How to run stress test

Example

python src/smoke/stress_test.py --test-config src/smoke/stress-test.yaml --feature chatbot --vendor ollama --model "openai/gpt-oss-120B" --mode stress

After the stress test is complete, you can aggregate the benchmark logs using the following command:

python3 src/smoke/aggregate_benchmark_logs.py --run-directory $benchmark_output_dir$ --test-config src/smoke/stress-test.yaml

Using a different vendor

To use a different vendor, such as gke, you will need to update the --vendor and --model arguments. You may also need to update the api_base in config.yml or stress-test.yaml.

For example:

python src/smoke/stress_test.py --test-config src/smoke/stress-test.yaml --feature chatbot --vendor gke --model "Qwen/Qwen3-235B-A22B-Instruct-2507-FP8" --mode stress

MLPA Load testing

MLPA is a proxy gateway API that depends on 3 components:

FXA - Mozilla's authorization mechanism
Postgres Database
LLM proxy service (LiteLLM or in the future AnyLLM-gateway or other similar services)

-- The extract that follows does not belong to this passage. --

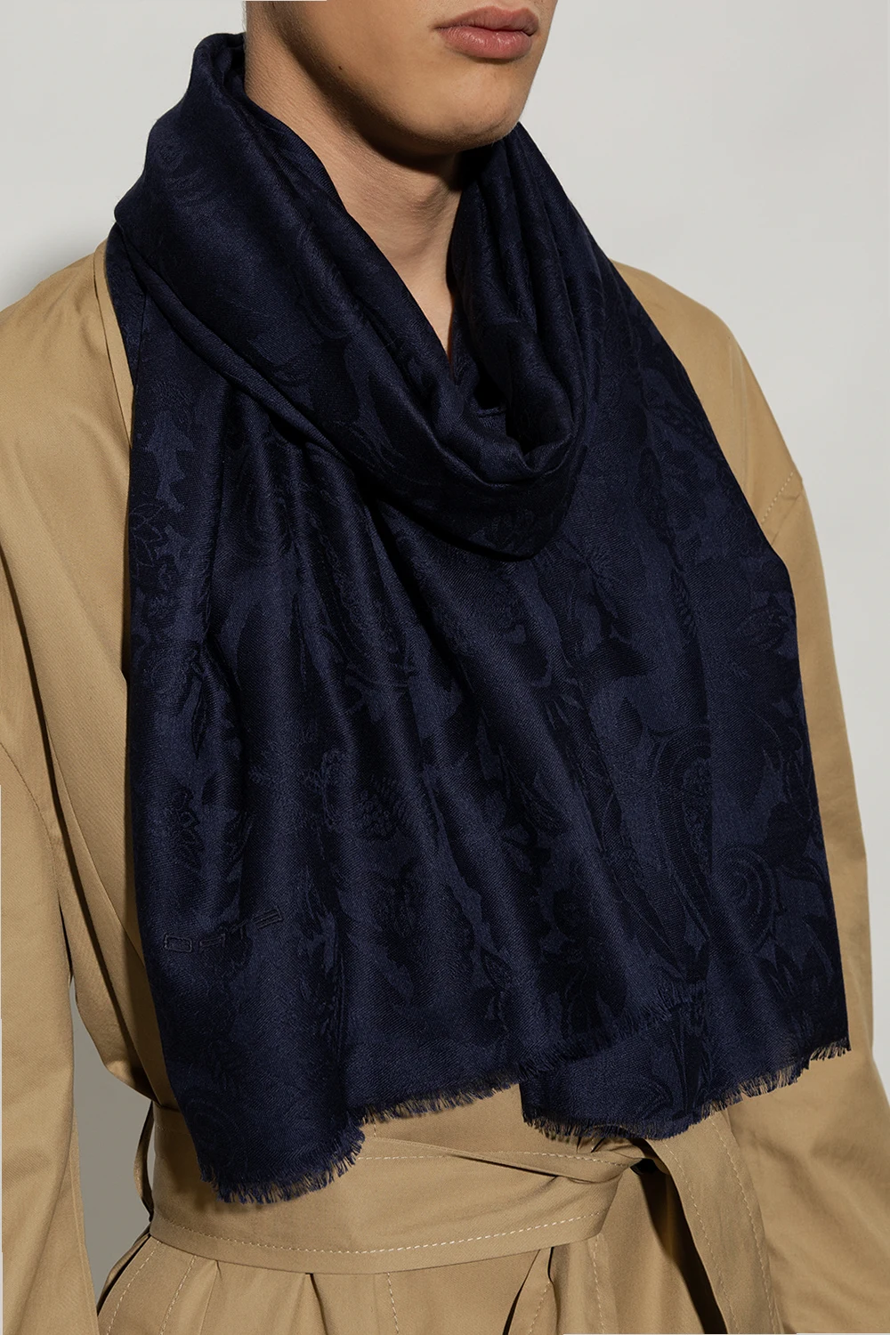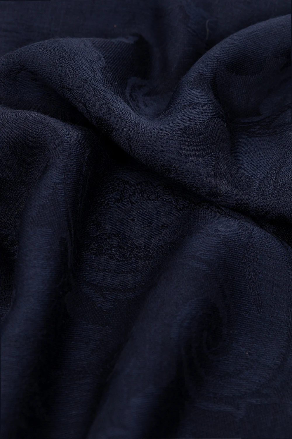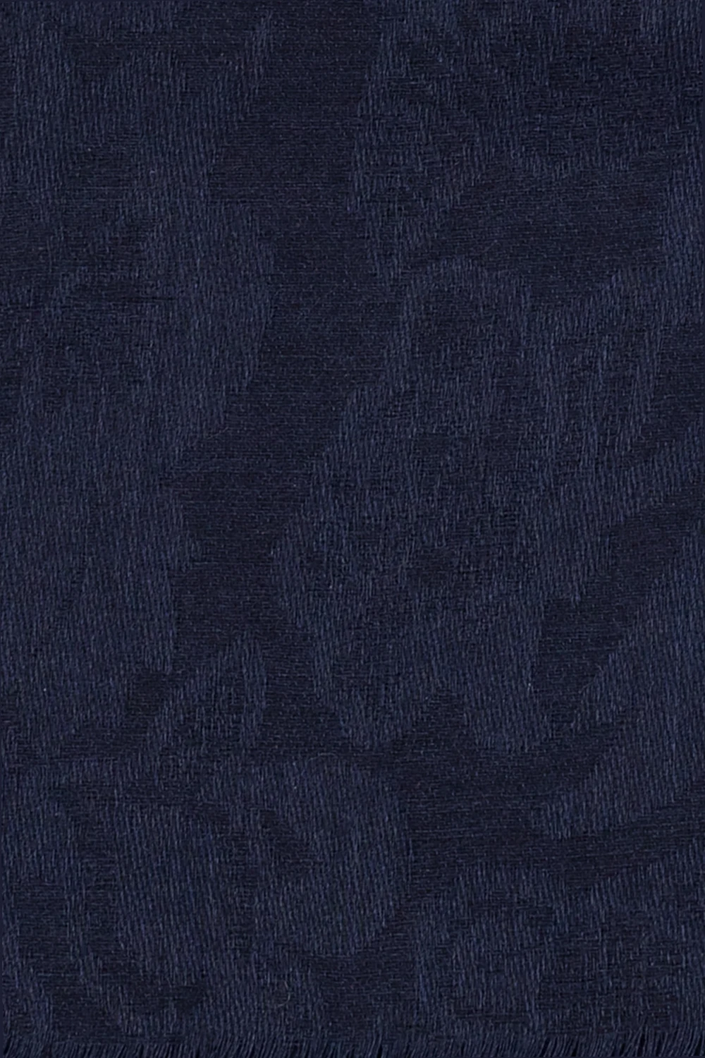 Granatowy szal Etro. Wykonany z wełny, jedwabiu i kaszmiru. Ozdobiony motywem kwiatowym. Surowo wykończone dwa brzegi.

The goal of the load test is to stress the production deployment with the traffic pattern and the load that we expect to see in production (the rule of thumb is usually 3x load on the load test peak traffic) to check for potential bottlenecks, assure that scalability is configured correctly, assured that we have adequate infrastructure in place.

Partial mocking

We would like to mock the LiteLLM calls to the real LLM providers in order to save costs on the actual reply generation from LLM - since it is not the goal of the MLPA's load test, for that we are using /mock/ router, for example instead of /v1/chat/completions we are calling mock/v1/chat/completions, which internally mocks the LLM calls.

Another mocking might happen when we would like to mock calls to the Mozilla's auth service.

The PyFXa works in the way that validation is happening locally in case when token is cached or JWT token is decrypted or else library is having a fallback to calling FXA servers. In order to avoid these calls we can use endpoint mock/v1/chat/completions_no_auth - this endpoint is not calling FXA server in the case of fallbacks.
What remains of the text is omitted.